Why Your AI Agent Cannot Query Your Database (And How to Fix It)

You have probably seen the demos. Someone types "what was revenue last quarter?" and an AI agent writes the perfect SQL query, runs it, and returns a chart. It looks effortless. Then you try it with your own database and the agent writes a query against a table that does not exist, joins on the wrong column, or defines "revenue" differently than your finance team does.

The demos work because the demo database has ten tables with obvious names. Your production database has 400 tables, inconsistent naming, and business logic that lives in tribal knowledge.

The Problem is Context, Not Intelligence

GPT-4, Claude, and the other large language models are perfectly capable of writing SQL. The syntax is not the issue. The issue is that the model does not know your schema, your naming conventions, your business definitions, or your table relationships.

When you ask "what was revenue last quarter?" the model needs to know:

Which table contains revenue data (is it orders, transactions, invoices, or revenue_summary?)

Which column represents the amount (amount, total, revenue, gross_amount, net_amount?)

What "last quarter" means in your fiscal calendar

Whether to include refunds, credits, or free trials

Which tables to join and on which columns

Without this context, the model is guessing. It might guess right on a simple schema. It will not guess right on yours.

Why Cramming the Schema Into the Prompt Does Not Scale

The first approach everyone tries is dumping the schema into the system prompt. Give the model all table names, column names, and data types, and let it figure out the rest.

This works up to a point. For a database with 20-30 tables, the schema fits comfortably in the context window and the model can usually pick the right tables. Past 100 tables, you start hitting problems:

The context window fills up. A 400-table schema with column details can easily consume 50,000 tokens. That is a significant chunk of the context window, leaving less room for conversation history and reasoning.

The model gets confused. More tables means more ambiguity. When there are three tables with "customer" in the name, the model has to guess which one is appropriate. It guesses wrong often enough to erode trust.

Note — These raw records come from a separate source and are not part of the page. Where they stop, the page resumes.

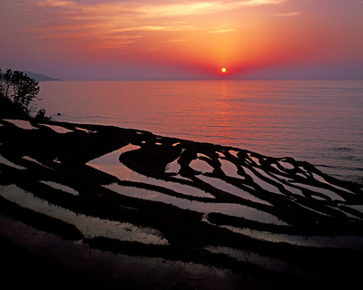 白米の千枚田と日本海に沈む夕日 棚田百選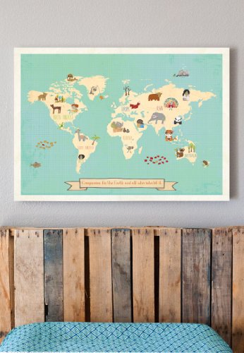 Global Compassion World Map 24×18 Print, Childrens Wall Art Map, Kids Animal World Map, Nursery Décor, Nature Themed Nursery, Nursery Wall Art, Kids Art, Kids Decor, Gender Neutral Nursery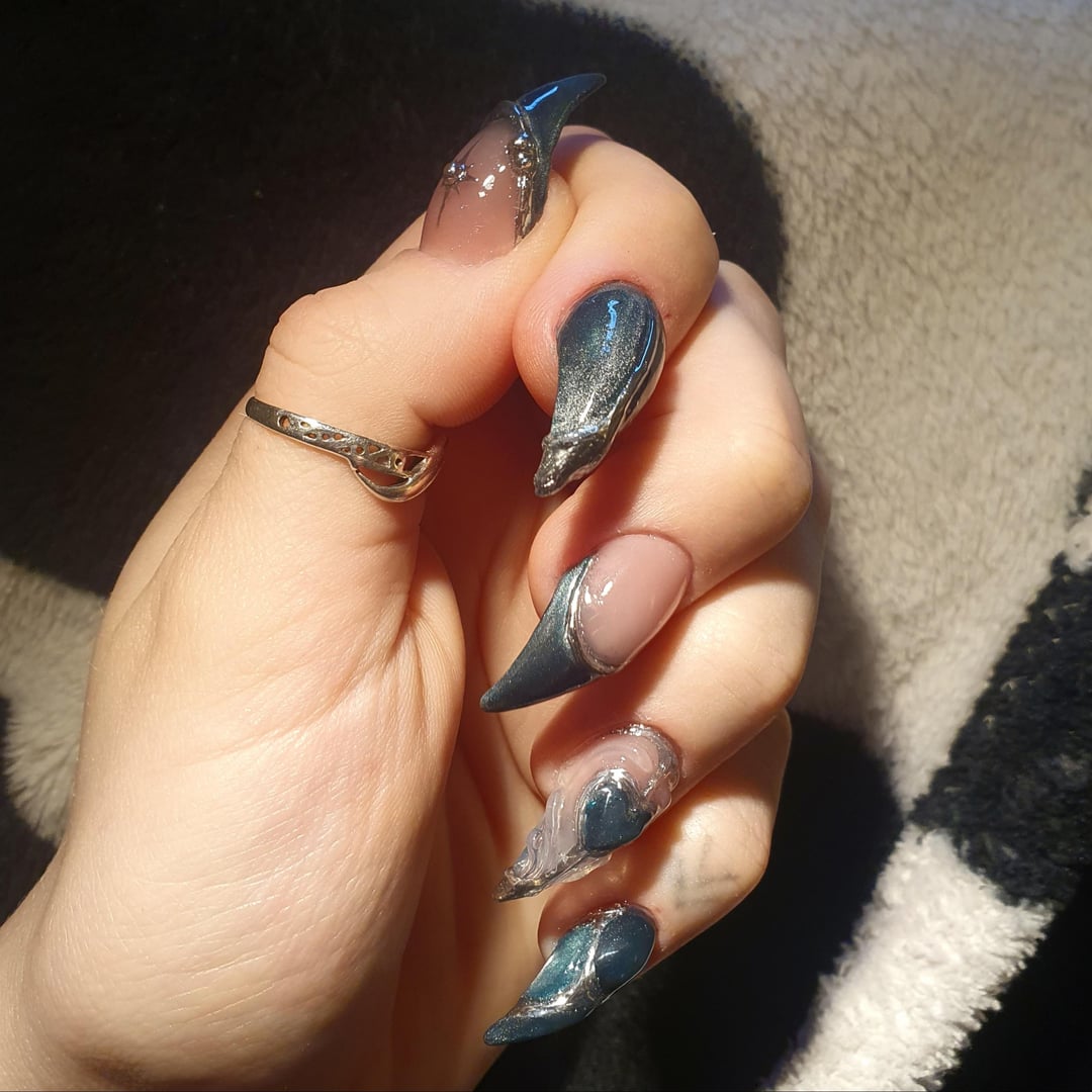 I love them, but I'd give myself serious injuries if i kept them clean an sharp like in pic 4! So nail art it is, what do you think of the combination, creepy claws × classic nail art? by y-tho-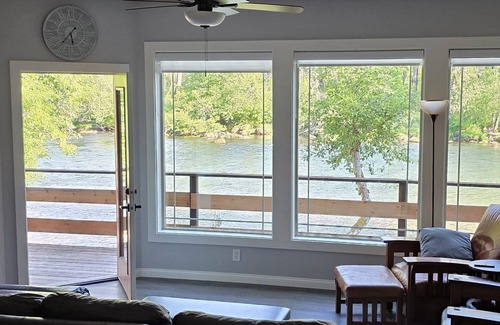 Recently built & spacious: river views from every room. Hosts live at B&B across street, as seen on VidaViewResort website. Fully stocked kitchen, laundry room, jetted tub, firepit, hot tub, Traeger grill; lush landscaping; blackout curtains; tall fences; electric driveway gate; security cameras; secluded feel with no other houses in sight; pet friendly. Only private & secure riverfront property with exclusive 750' of river access. Fish or launch your boat from our beach!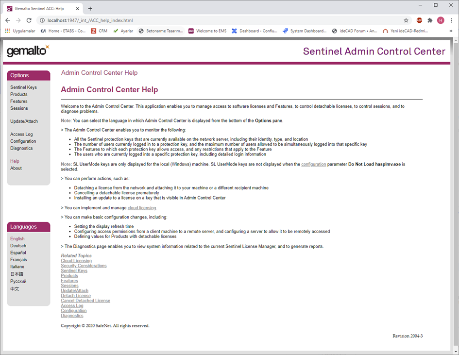 Sentinel Yönetici Kontrol Merkezine her makineden http: // localhost: 1947 / adresi ile ulaşabilirsiniz. Aşağıdaki ekran açılacaktır.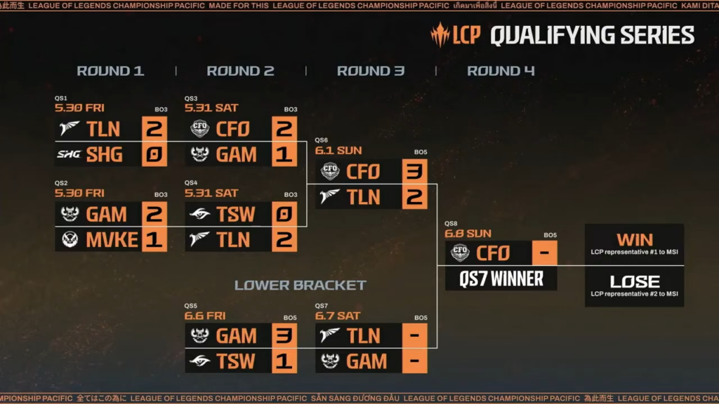 Qualifying Seriesでは、Round 1とRound 2がBO3形式、それ以降はBO5形式で対戦が行われます。Grand Finalに進出した2チームは、いずれもMSIの出場権を獲得します。
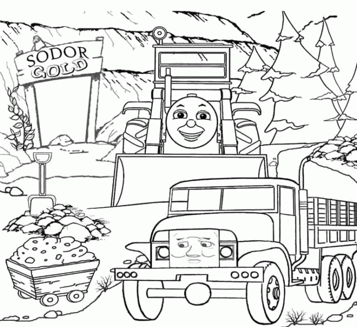 Obrazek dla chłopców. Nie tylko same maszyny kolejowe występują w bajce o Tomku. Jak widzimy w odcinkach bajki pojawiają się również inen pojazdy samochodowe. Widzimy tutaj spych jak również ciężarówkę które to stoją obok kopalni. Widzimy także obok mały wagonik kolejki z kopalni.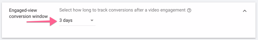 Engaged-view conversion window: Allows you to Select how long to track conversions after a video engagement. The engagement conversion window is the period of time after a person watches 10 seconds or more of your video ad. For example, if you set your engagement conversion window to 3 days, any conversion that happens more than 3 days after a person watches 10 seconds or more of your video ad won't be counted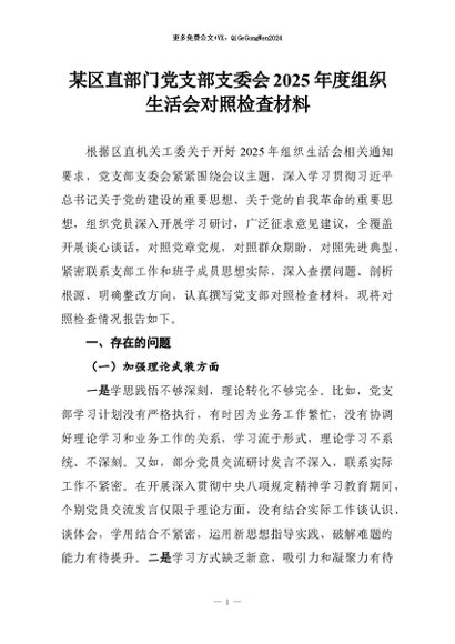 【七哥公文】2026年:某区直部门党支部支委会2025年度组织生活会对照检查材料+更多免费公文+VX:QiGeGongWen2024

You lose the business logic. A schema dump tells the model that an amount column exists and that it is a DECIMAL(10,2). It does not tell the model that "revenue" means SUM(amount) WHERE status = 'completed' AND refunded = false.

The Semantic Layer Solution

This is where semantic layers actually earn their keep. Instead of dumping raw schema into the prompt, you give the AI agent a semantic model that describes your data in business terms:

"Revenue" is defined as a specific calculation against specific tables with specific filters

"Customer" means a specific entity with a specific primary key

Relationships between entities are explicitly declared

The AI agent queries the semantic layer definition to understand what questions it can answer and how to compute the answers. The model does not need to understand your raw schema. It needs to understand your semantic model, which is much smaller and more precise.

The Bootstrap Problem

Semantic layers solve the "AI cannot query my database" problem. But building a semantic layer requires understanding your schema in the first place. You need to know every table, every relationship, every metric definition before you can encode them.

For a small database, this is a weekend project. For a large one, it is months of work that nobody wants to do manually.

This is the specific problem Squish solves. Connect your database, run discovery, and get a complete relationship map with confidence scores. Export it as a semantic model definition. You get a first draft of your semantic layer in about a minute instead of building it from scratch.

The first draft will not be perfect. You still need to add business logic, name things in business-friendly terms, and validate the relationships. But starting from a complete, accurate schema map is dramatically faster than starting from nothing.

A Practical Path Forward

If you want AI agents that can reliably query your database, here is the sequence that works:

Step 1: Map Your Schema

Run automated discovery against every database the AI agent needs access to. Get a complete picture of tables, columns, relationships, and data types. Squish handles this.

Step 2: Define Your Metrics

Take the ten most common questions people ask about your data. Define the SQL that answers each one precisely. These become your first semantic layer definitions.

Step 3: Choose a Semantic Layer Tool

dbt MetricFlow if you use dbt. Snowflake Cortex if you are on Snowflake. Databricks Genie if you are on Databricks. Encode your metric definitions in the appropriate format.

Step 4: Connect Your AI Agent

Give the agent access to the semantic model definition, not the raw schema. The agent uses the semantic model to understand what metrics exist, how they are defined, and what relationships connect them.

Step 5: Validate and Iterate

Run the agent against known questions with known answers. Compare results. Fix the semantic model where the agent gets it wrong. Add new metrics as demand emerges.

What Good Looks Like

When this works well, the AI agent becomes a genuinely useful interface for data access. Business users ask questions in natural language. The agent translates them to SQL through the semantic layer. The results are consistent because the metric definitions are centralized.

It is not magic. It requires the upfront work of building and maintaining the semantic layer. But the alternative, every person writing their own SQL with their own interpretation of "revenue," is worse in every way.

The technology is ready. The models are good enough at SQL. The semantic layer tools are mature. The bottleneck is the schema knowledge required to build the semantic layer in the first place. Automate that step and the rest falls into place.